**Dataset items:**
══════════════════════════════

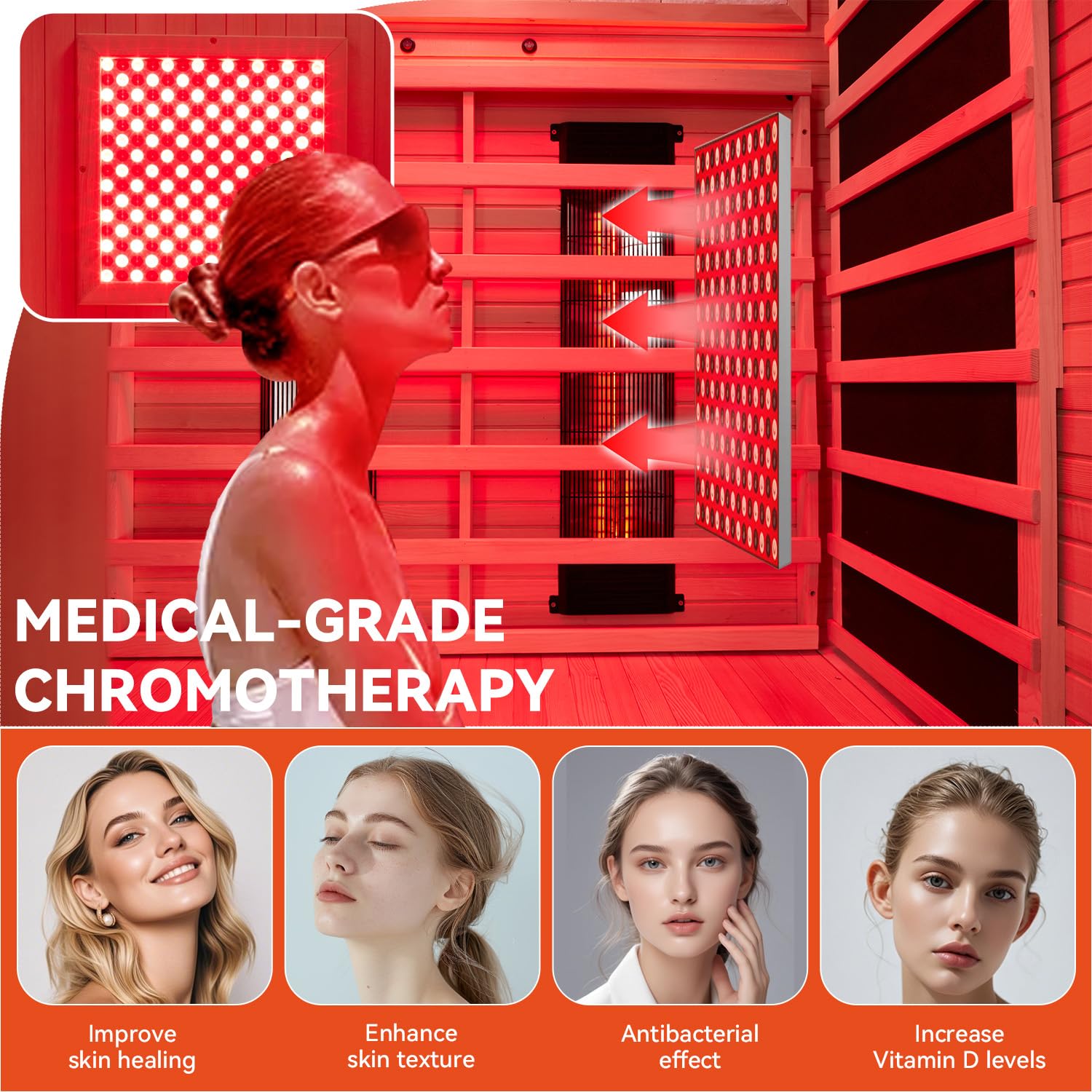 - 【Upgraded Red Light Therapy Lamp】Our indoor 2 person sauna has an upgraded red light therapy lamp equipped with 113 light beads, and the wavelength of 660nm is close to the body's own wavelength, which is more easily absorbed by your skin, promoting healing and rejuvenation, so that you can enjoy regular professional skin management at home without going to the beauty salon.
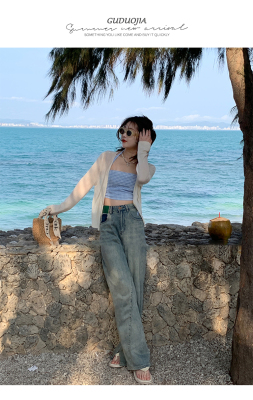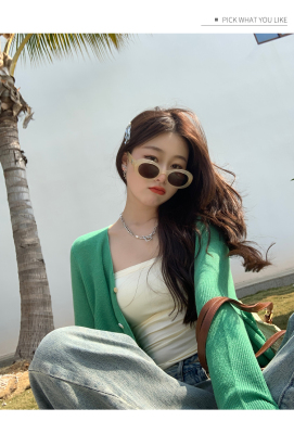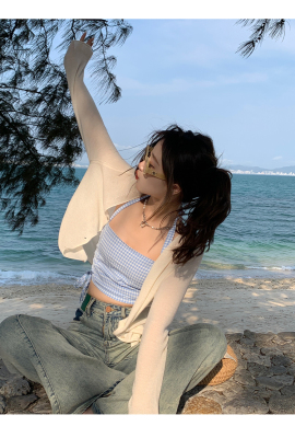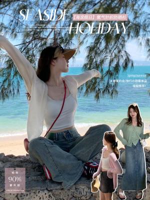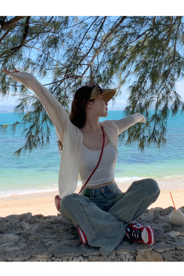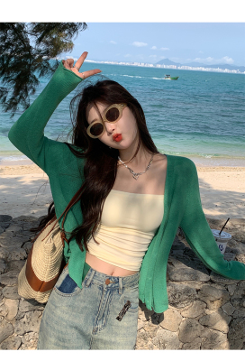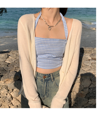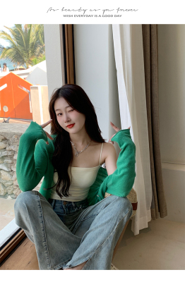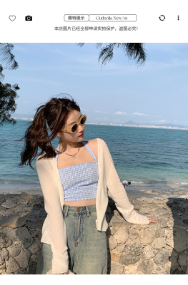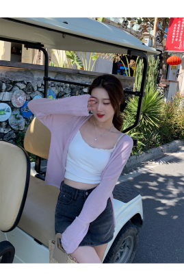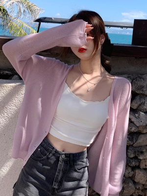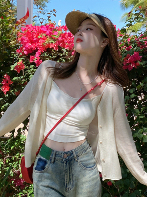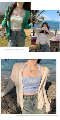 Ice silk knitted sun protection clothing for women in summer, thin French style shawl with suspender skirt and waistcoat air-conditioning cardigan
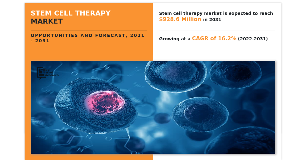 PORTLAND, OR, UNITED STATES, May 9, 2023 /EINPresswire.com/ — The global stem cell therapy market was valued at $205.1 million in 2021, and is projected to reach $928.6 million by 2031, growing at a CAGR of 16.2% from 2022 to 2031.
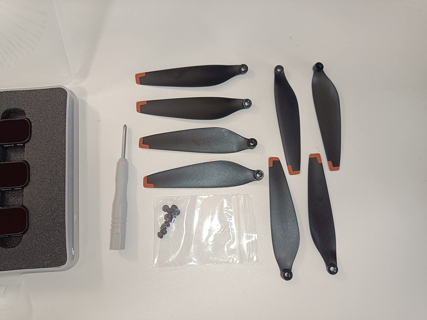 There were also 2 sets of propellers and screws + screwdriver. The only criticism of these compared to the originals is that the orange at the ends is only colored and there are no rubber tips. But that doesn't change the flight behavior of the drone.
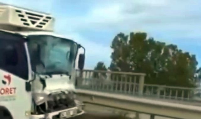 D-100'de kontrolden çıkan kamyonet bariyerlere çarptı: 2 yaralı
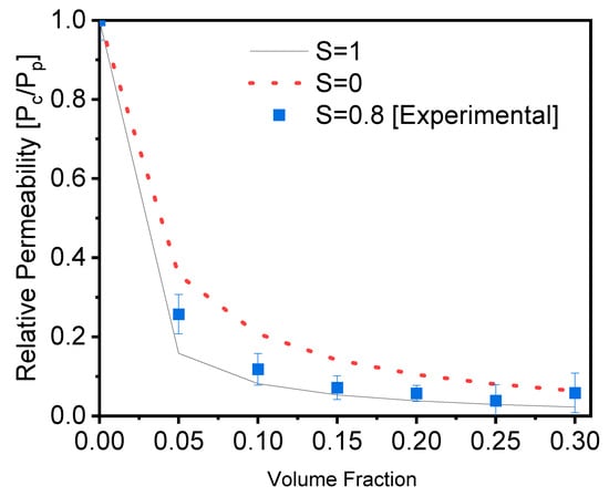 Equations (2) and (3) are used to compute the theoretical and experimental relative permeability of the films, and the results are shown in Figure 3.
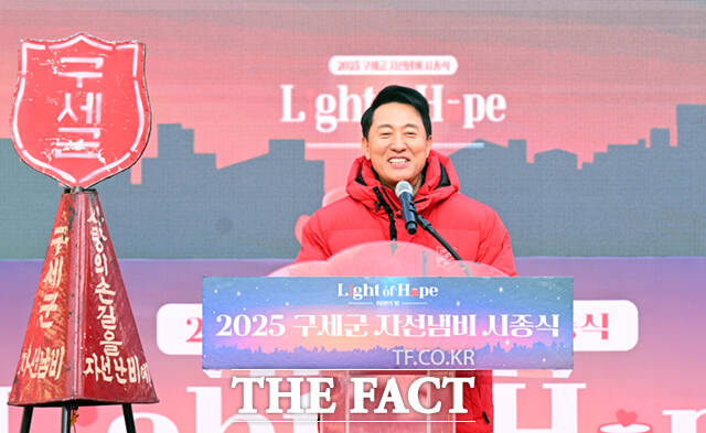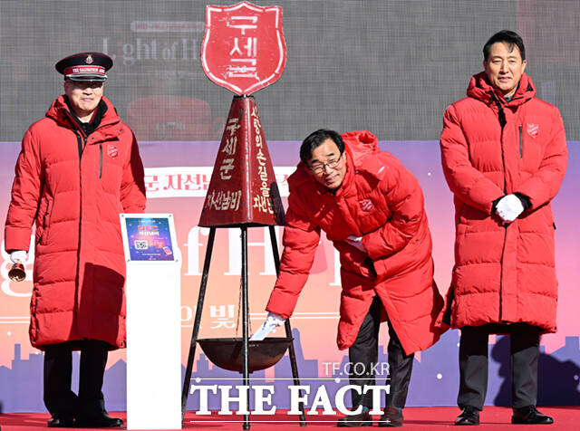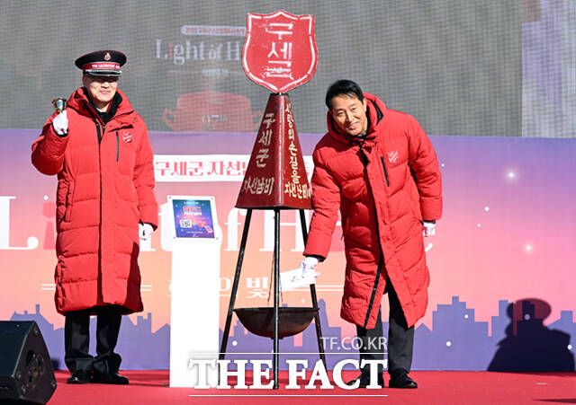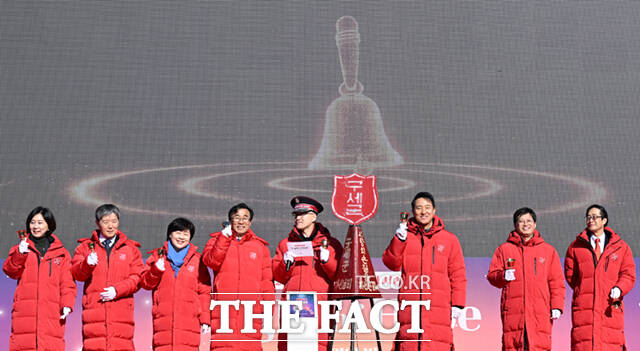 [더팩트ㅣ이새롬 기자] 오세훈 서울시장과 서영교 더불어민주당 의원 등 참석자들이 28일 서울 광화문광장 놀이마당에서 열린 '2025 구세군 자선냄비 시종식'에 참석해 타종 세리머니를 하고 있다.

══════════════════════════════

**Work to be completed:** The copy must reproduce every entry exactly while excluding all pictures.

**Result for this task:**
 - 【Upgraded Red Light Therapy Lamp】Our indoor 2 person sauna has an upgraded red light therapy lamp equipped with 113 light beads, and the wavelength of 660nm is close to the body's own wavelength, which is more easily absorbed by your skin, promoting healing and rejuvenation, so that you can enjoy regular professional skin management at home without going to the beauty salon.
 Ice silk knitted sun protection clothing for women in summer, thin French style shawl with suspender skirt and waistcoat air-conditioning cardigan
 PORTLAND, OR, UNITED STATES, May 9, 2023 /EINPresswire.com/ — The global stem cell therapy market was valued at $205.1 million in 2021, and is projected to reach $928.6 million by 2031, growing at a CAGR of 16.2% from 2022 to 2031.
 There were also 2 sets of propellers and screws + screwdriver. The only criticism of these compared to the originals is that the orange at the ends is only colored and there are no rubber tips. But that doesn't change the flight behavior of the drone.
 D-100'de kontrolden çıkan kamyonet bariyerlere çarptı: 2 yaralı
 Equations (2) and (3) are used to compute the theoretical and experimental relative permeability of the films, and the results are shown in Figure 3.
 [더팩트ㅣ이새롬 기자] 오세훈 서울시장과 서영교 더불어민주당 의원 등 참석자들이 28일 서울 광화문광장 놀이마당에서 열린 '2025 구세군 자선냄비 시종식'에 참석해 타종 세리머니를 하고 있다.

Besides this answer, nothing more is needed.